Toni arranged herself at the edge of a gold brocade sofa and waited for Irma to continue. The size of the shot that the woman was pouring into her glass made Toni wonder if Irma was going to be able to get through her story at all.
"It seems," Irma hurried back to conversational life with amazing gusto, " ... that not only did Carl tell Elliot off, but he also threatened to go right to Eva Stillwell!"
"You mean the Vice-President?" Toni asked. "None other." Irma made a distasteful face. "Ever meet the woman? "No." Toni shook her head.
"I only met her once myself," Irma confided. "Very ugly."
"What did Carl want with her?" Toni asked, before Irma got herself hung up with how ugly Eva Stillwell was.
"God only knows," Irma sighed. "Maybe he was going to tell her some nasty things about Elliot. You know how vicious people get when they lose a job."
"But you said Carl would have quit, anyhow."
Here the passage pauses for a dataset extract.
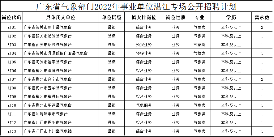 广东省气象部门2022年气象类本科及以上应届高校毕业生湛江专场公开招聘公告
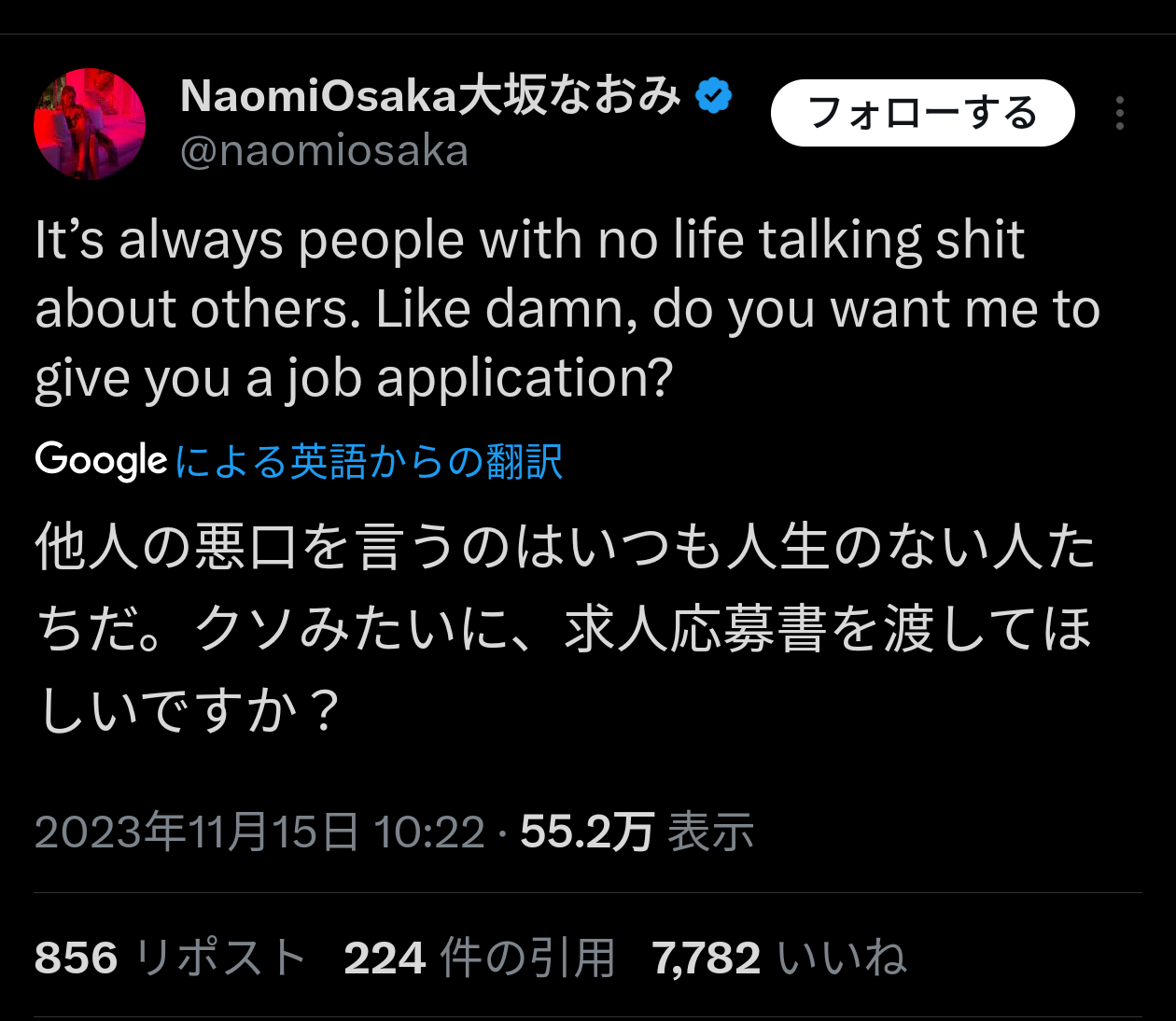 【悲報】大坂なおみさんブチギレ「他人の悪口を言うヤツは人生終わってる」

"Yes, but it's never the same when you go in to quit and come out being fired. Elliot says he had to practically throw Carl out of the office, bodily."
"I wish I understood all of this," Toni said softly. "Carl always seemed to be such a nice guy. Stan still speaks very highly of him...."
"Of course he's a nice guy. But the man was slipping. Elliot told me so. Carl couldn't do anything right. Sooner or later he would have had to be replaced."
Toni saw the opening for her all important question and took it. "By the way," she tried to sound casual, "who decides which man gets Carl's job?"
"Elliot," Irma announced proudly. "With Eva Still-well's help, of course. But mostly Elliot."
"Oh, is that so?" Toni thought aloud, wondering if she would dare to go as far as she was thinking ... and knowing all the time that she would.
"Irma, would you mind if I joined you for dinner, tonight?"